--- What to produce ---
Pictures aside, reproduce exactly and only the lines below, starting at the one containing "I am offering" and ending at the last line.

(Beginning of Information)

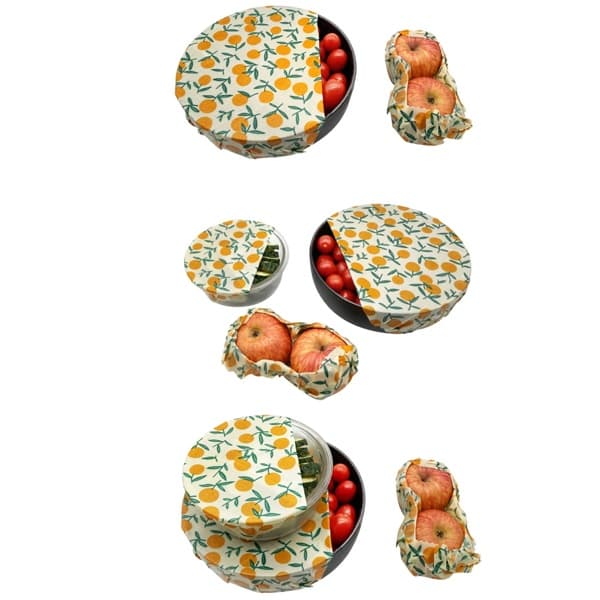 Each set includes three different sizes, giving you the flexibility to cover anything from small snacks to larger bowls and plates. Crafted with organic cotton, ethically harvested beeswax, jojoba oil, and tree resin, these wraps are non-toxic, biodegradable, and safe for direct food contact. Their natural composition allows them to mold easily with the warmth of your hands, creating an airtight seal that locks in freshness and flavor.
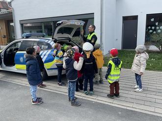 Begleitet von der Verkehrspolizei Herrn Fleischmann, übten die Vorschulkinder an Straßenkreuzungen, an Fußwegen und beim überqueren der Straße das richtige Verhalten. Besonders wichtig war dabei das Bewusste stehenbleiben, schauen und zuhören – denn Sicherheit geht immer vor.
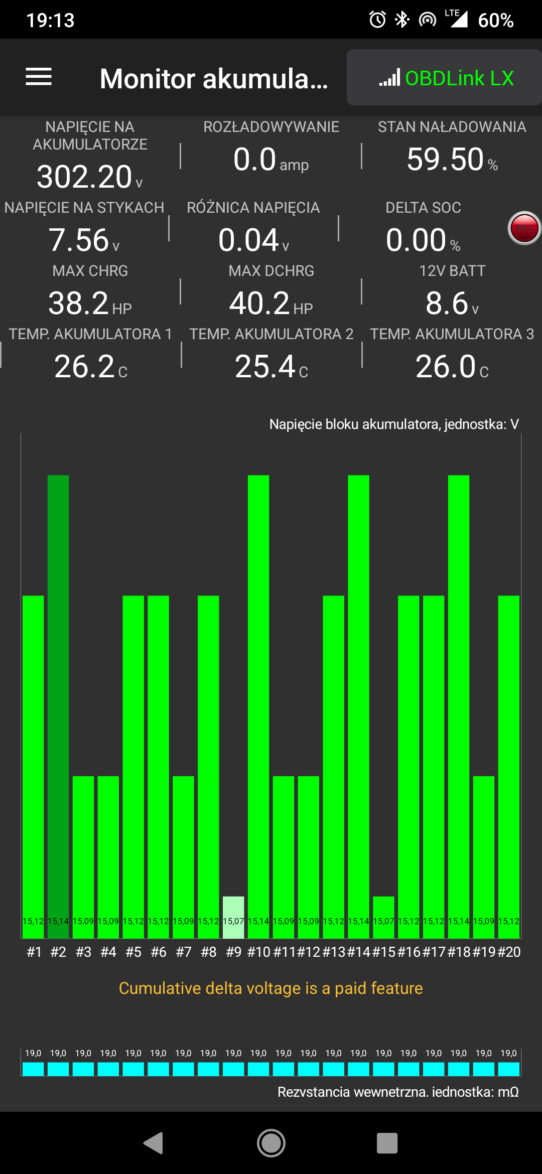this is my first test, driving out, voltage block 11 looks to be .2 volts lower at times then the rest, so i will charge up the battery by holding the pedals and then see what the difference is at the cell level, by removing the battery and taking off the top and bottom and if one cell is found very off then it gets charged and we will repeat. for now
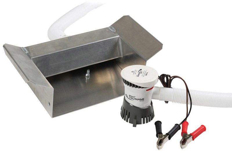 When moving water is not available, turn to the Stansport™ Recirculating Header for Sluice Box. An aluminum header and submersible sump pump complement your Stansport™ Self-Locking Sluice Box, and is battery-operated. This header is only compatible with the Stansport™ Self-Locking Sluice Box.
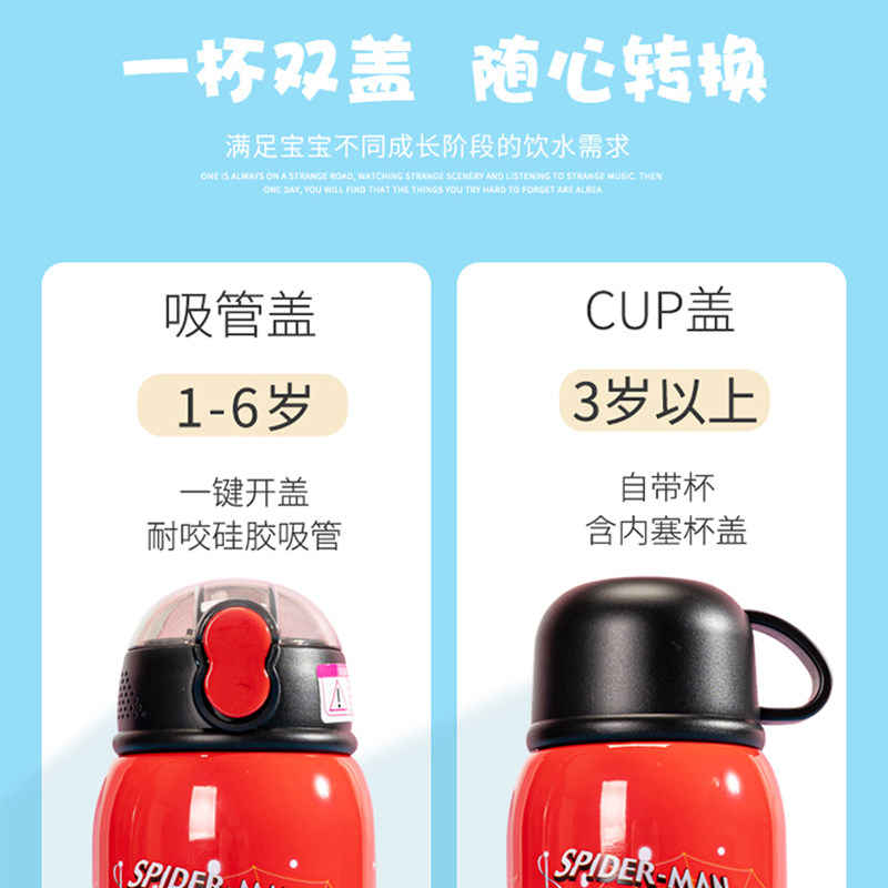 迪士尼儿童吸管保温杯漫威蜘蛛侠两用男女学生水壶316双盖带杯套
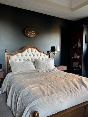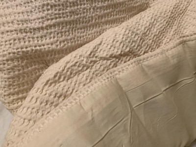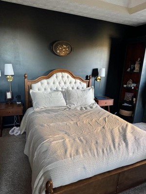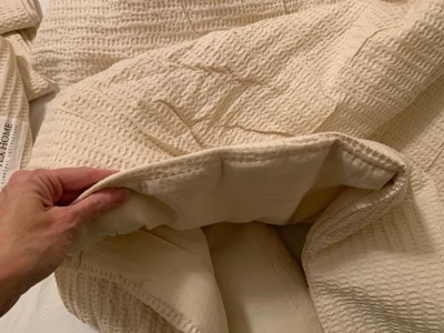 [This review was collected as part of a promotion.] This comforter is the stuff of luxury! I swear I feel like I’m on a nice, crisp, clean hotel bed. It just envelopes you in comfort. First of all, it’s gorgeous and just such a nice cream color. The waffle pattern is subtle, yet just enough to show an inviting texture. The comforter itself feels like quality, as it’s nice and heavy. However, it is actually very breathable. The comforter I was using before had me waking up in a sweat, and it was much thinner than this. It’s almost cooling when you need it, and warming if you don’t. It washed up in my home washer just fine, but I am able to remove my agitator to fit it. There was no fading or pilling at all. Although I wouldn’t expect it to fade much at this lighter color. The shams just add to the gorgeous texture of my bed. My favorite part of the day is cozying up under the comforter at night. I would 1000% recommend this!
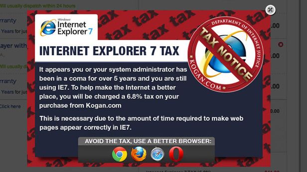 Na przykład IE 7. Wyobrażacie sobie, że gdzieś na świecie ktoś jeszcze używa IE 7, w czasach gdy na wyciągnięcie ręki, za darmo jest przynajmniej kilka świetnych, nowoczesnych przeglądarek? W kraju, gdzie wszystko stoi na głowie, tj. Australii, duży sklep internetowy z elektroniką, Kogan, właśnie ogłosił w blogu, że będzie pobierał specjalną opłatę od użytkowników "antycznej przeglądarki".
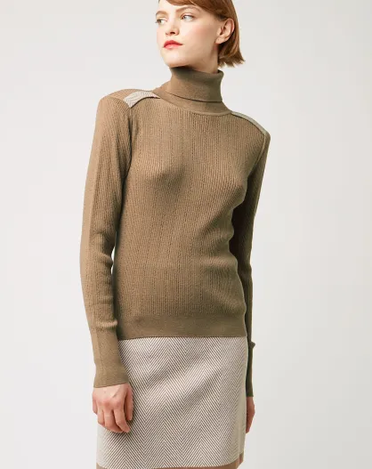 Pull Chantal-Marie col roulé motifs épaules marron camel
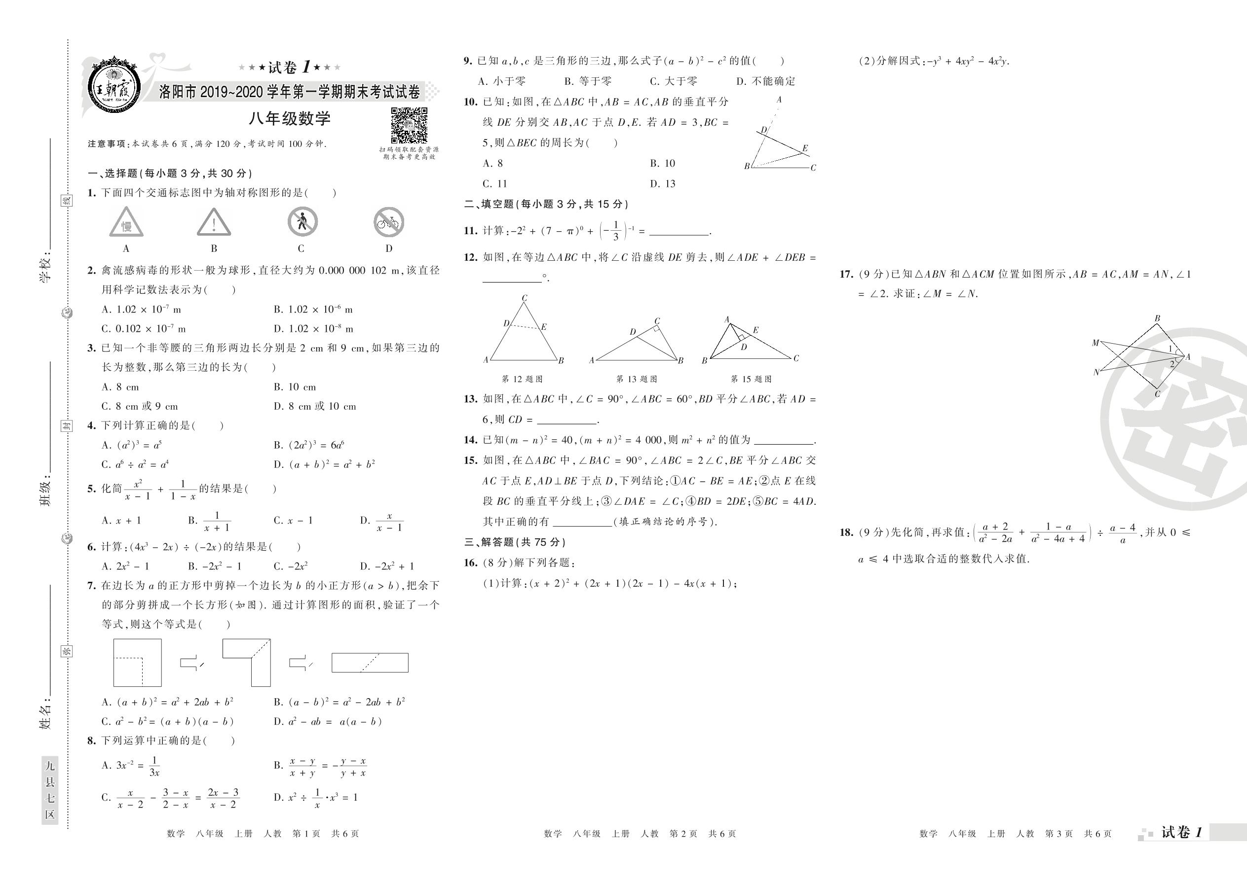 2019-2020学年第一学期洛阳市八年级数学试卷(人教版)_R21080694005【1】
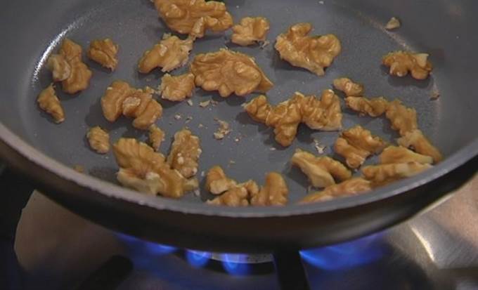 Грецкие орехи поломать на кусочки и поджарить на сухой сковороде.
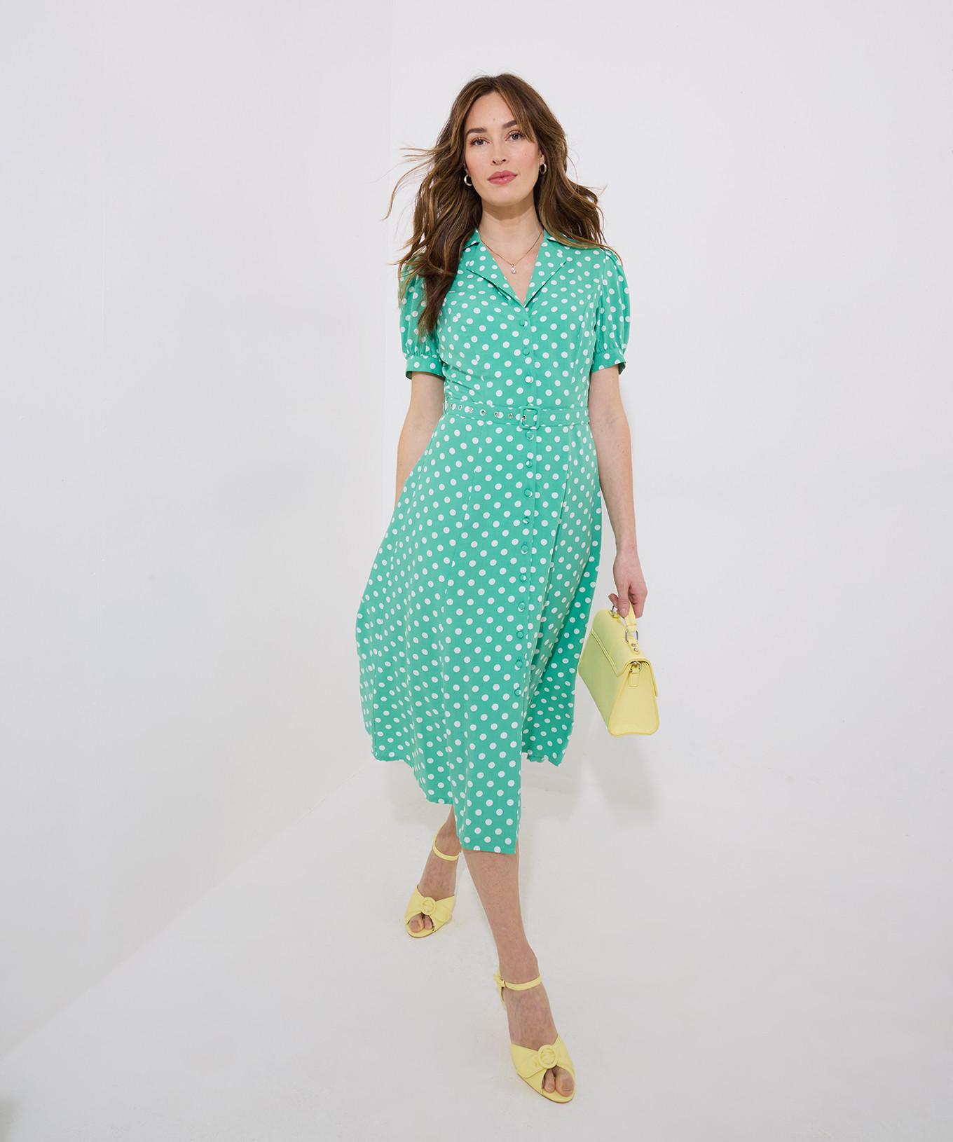 Dieses gepunktete Midikleid verfügt über einen klassischen Kragen und eine durchgehende Knopfleiste, die einen zeitlosen und eleganten Look verleihen. Das Kleid ist mit kurzen Puffärmeln und einem passenden Gürtel zur Taillierung versehen, um eine schmeichelhafte Silhouette zu schaffen.
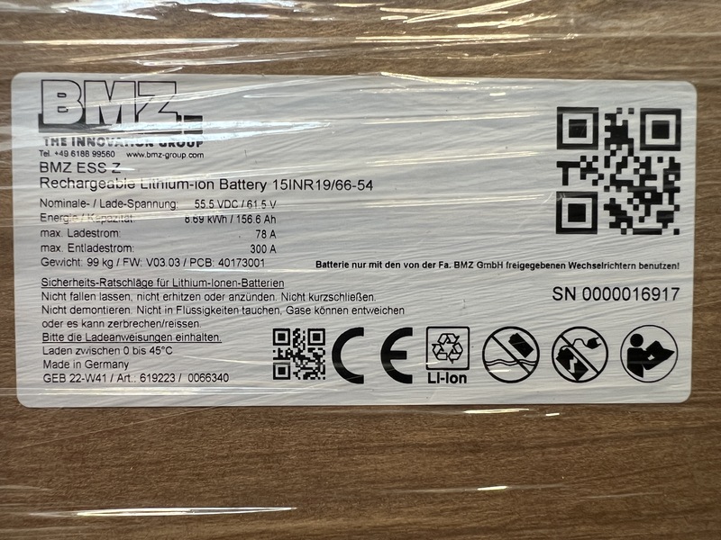 I am offering for sale a high-quality lithium-ion battery from the German manufacturer BMZ. The battery was purchased in October 2022 and has not yet been unpacked or used. It is therefore in new condition. The battery is suitable for use
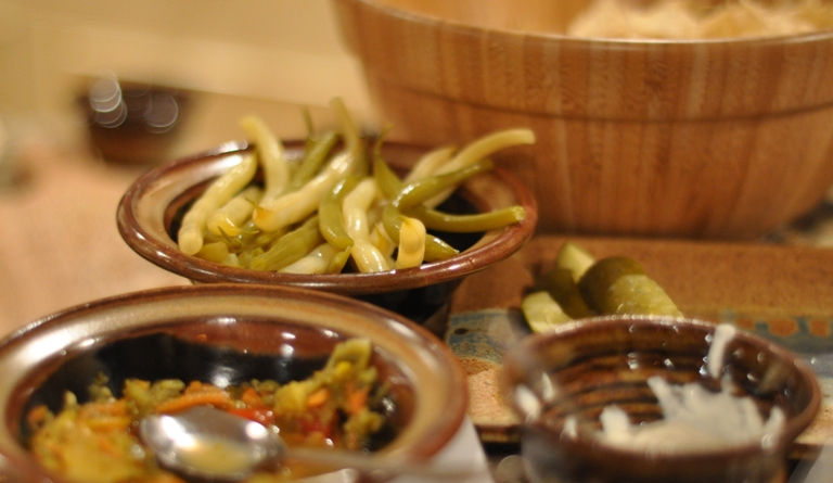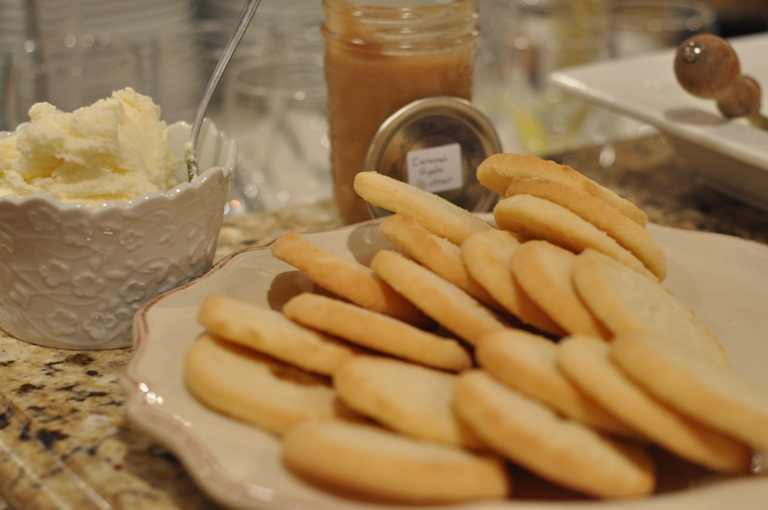 Okay, can I say in a word ~ WOW! ~ The canning party was so much fun.  Everyone came with the most deliciously beautiful jars of homemade goods and the lids were popped off before I even got a chance to take a photo.  As our canners arrived they all got busy in the kitchen opening their jars and pouring the contents into bowls, on plates, and platters.  MmmmMmmmDelicious!

(End of Information)

--- Solution ---
 I am offering for sale a high-quality lithium-ion battery from the German manufacturer BMZ. The battery was purchased in October 2022 and has not yet been unpacked or used. It is therefore in new condition. The battery is suitable for use
 Okay, can I say in a word ~ WOW! ~ The canning party was so much fun.  Everyone came with the most deliciously beautiful jars of homemade goods and the lids were popped off before I even got a chance to take a photo.  As our canners arrived they all got busy in the kitchen opening their jars and pouring the contents into bowls, on plates, and platters.  MmmmMmmmDelicious!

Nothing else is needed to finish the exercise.